Whenever any patent is, through error without any deceptive intention, deemed wholly or partly inoperative or invalid, by reason of a defective specification or drawing, or by reason of the patentee claiming more or less than he had a right to claim in the patent, the Commissioner shall, on the surrender of such patent and the payment of the fee required by law, reissue the patent for the invention disclosed in the original patent, and in accordance with a new and amended application, for the unexpired part of the tern of the original patent.

[7] Section 1.175(a) states that the reissue declaration must identify the changes by, among other things:

(3) When it is claimed that such patent is inoperative or invalid "by reason of the patentee claiming more or less than he had the [sic] right to claim in the patent," distinctly specifying the excess or insufficiency in the claims.

* * * * * *

(5) Particularly specifying the errors relied upon, and how they arose or occurred.

[8] I do not need to address Surgin's argument that, assuming arguendo that claim 15 should be compared with the ten original claims, Site's disclosure was nonetheless inadequate.

[9] For example, in support of its position that the first change identified by Surgin does not alter the scope of the claim, Site points to the affidavit of Mossadeq Houssain, who states that one skilled in the art would know that "communication" and "fluid communication" mean the same thing. In response, Surgin acknowledges that "communication" and "fluid communication" may be used synonymously if the embodiment is a "diaphragm" type vacuum pump like that described in Cook's preferred embodiment, but argues that the terms are not synonymous for peristaltic type vacuum pumps such as those disclosed in the Steppe patent. See Surgin's Original Reply, at 8-9. This type of dispute is not appropriately resolved at the summary judgment stage.

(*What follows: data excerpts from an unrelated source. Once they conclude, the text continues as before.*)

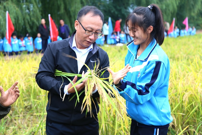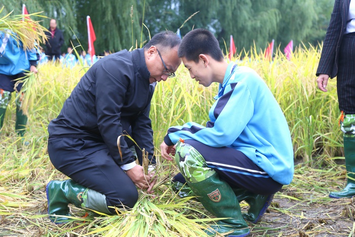 在科右前旗大壩溝中學水稻“收割節(jié)”的活動現(xiàn)場,調(diào)研組一行拿起鐮刀,穿起水鞋,來到水稻田里,與學生們一起體驗收割水稻帶來的成就感和幸福感。調(diào)研人員表示:對于不愁吃、不愁穿的年輕一代而言,僅僅從勞動謀生功能的角度去思考勞動教育是遠遠不夠的,他們最匱乏的是精神層面自我實現(xiàn)的意義感和價值感。通過深入實際,參與勞動,創(chuàng)造價值,這樣全流程的勞動實踐,才能深切領(lǐng)會“幸福是奮斗出來的”內(nèi)涵與意義,才能養(yǎng)成正確的勞動價值觀和良好勞動品質(zhì)。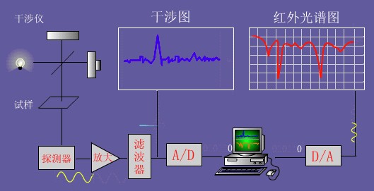 工作原理:光源發(fā)出的紅外輻射,經(jīng)干涉儀轉(zhuǎn)變成干涉圖,通過試樣后得到含試樣信息的干涉圖,由電子計算機(jī)采集,并經(jīng)過快速傅立葉變換,得到吸收強(qiáng)度或透光度隨頻率或波數(shù)變化的紅外光譜圖。干涉圖從數(shù)學(xué)觀點講,就是傅立葉變換,計算機(jī)的任務(wù)是進(jìn)行傅立葉逆變換。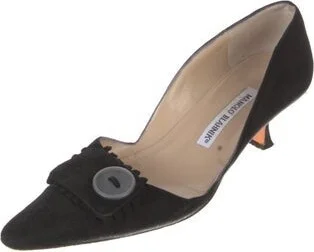 Manolo Blahnik Suede D'Orsay Pumps Black Semi-Pointed Toes with Bow Accents Fit: This style typically runs narrow and a half size small. Read more

[10] Section 1414.03 of the MPEP similarly states: Any change or departure from the original specification or claims represents an `error' in the original patent under 35 U.S.C. § 251 and must be addressed in the original, or supplemental reissue oath or declaration.

[11] The declarations are not set forth in the Federal Circuit opinion, but can be found in the district court opinion at 707 F. Supp. 1547, 1558-59 (N.D.Cal.1989).

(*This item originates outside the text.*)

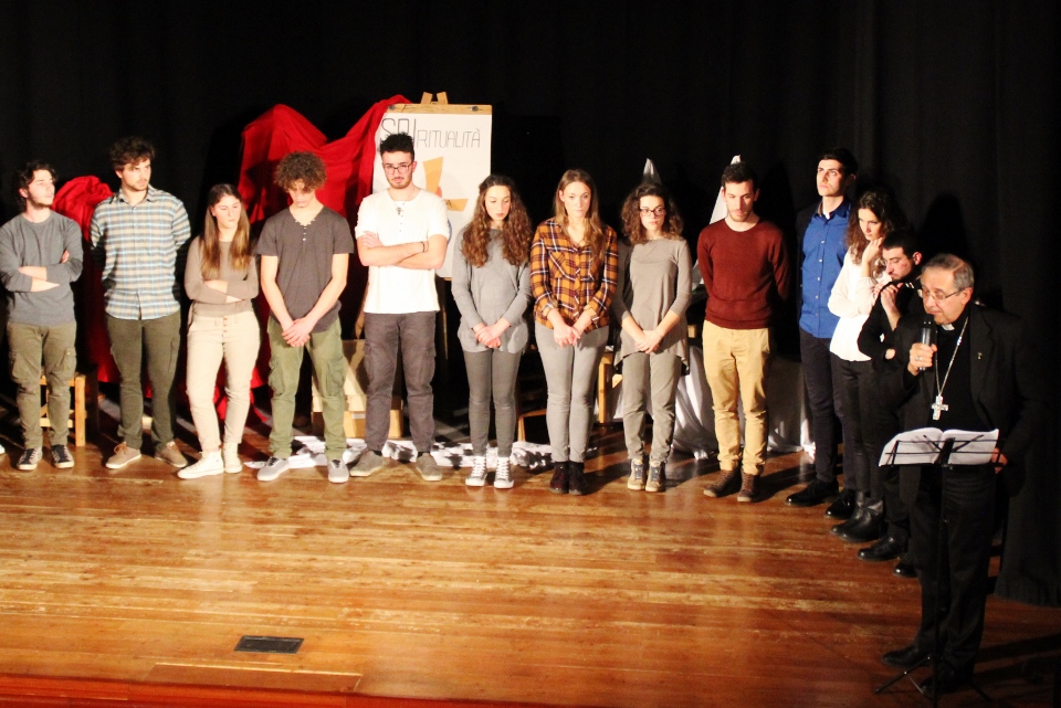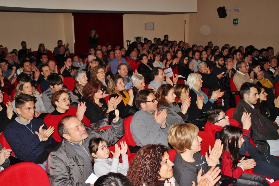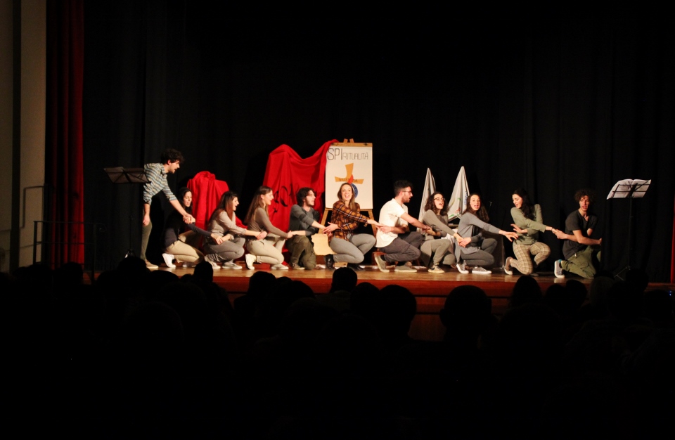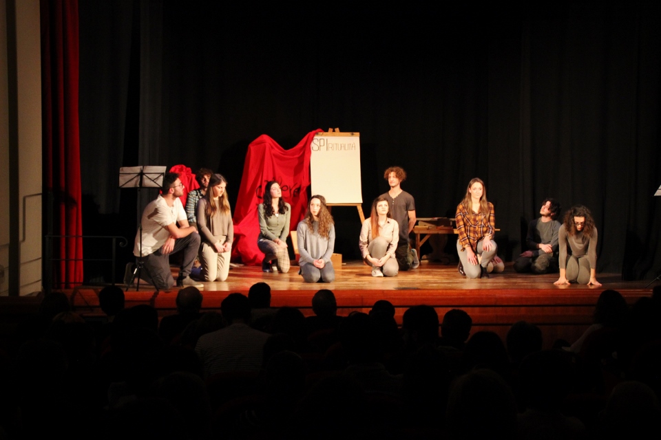 SAN BENEDETTO DEL TRONTO – Al teatro San Filippo Neri, è andato in scena uno spettacolo dal titolo “SoSpiRi” nato dalla collaborazione fra alcuni ragazzi della parrocchia Regina Pacis di Centobuchi e i ragazzi dell’associazione Caleidoscopio, che li hanno assistiti e guidati nella preparazione di un “viaggio” teatrale e spirituale in vista della prossima GMG 2016 che si svolgerà il prossimo luglio a Cracovia, in Polonia.

[12] The declaration stated that, subsequent to the issuance of the original patent, "the applicant has, in connection with the prosecution of corresponding foreign patent applications, been made aware of prior art relevant to patentability not previously considered by the Patent Office, which prior art might cause the Examiner to deem the original patent wholly or partly inoperative or invalid." The declaration further stated that, "to the extent the amendment might be deemed to correct errors in the original patent, such errors arose without any deceptive intent or purpose upon the part of said applicant." Quoted in Keller, 642 F.2d at 420-21.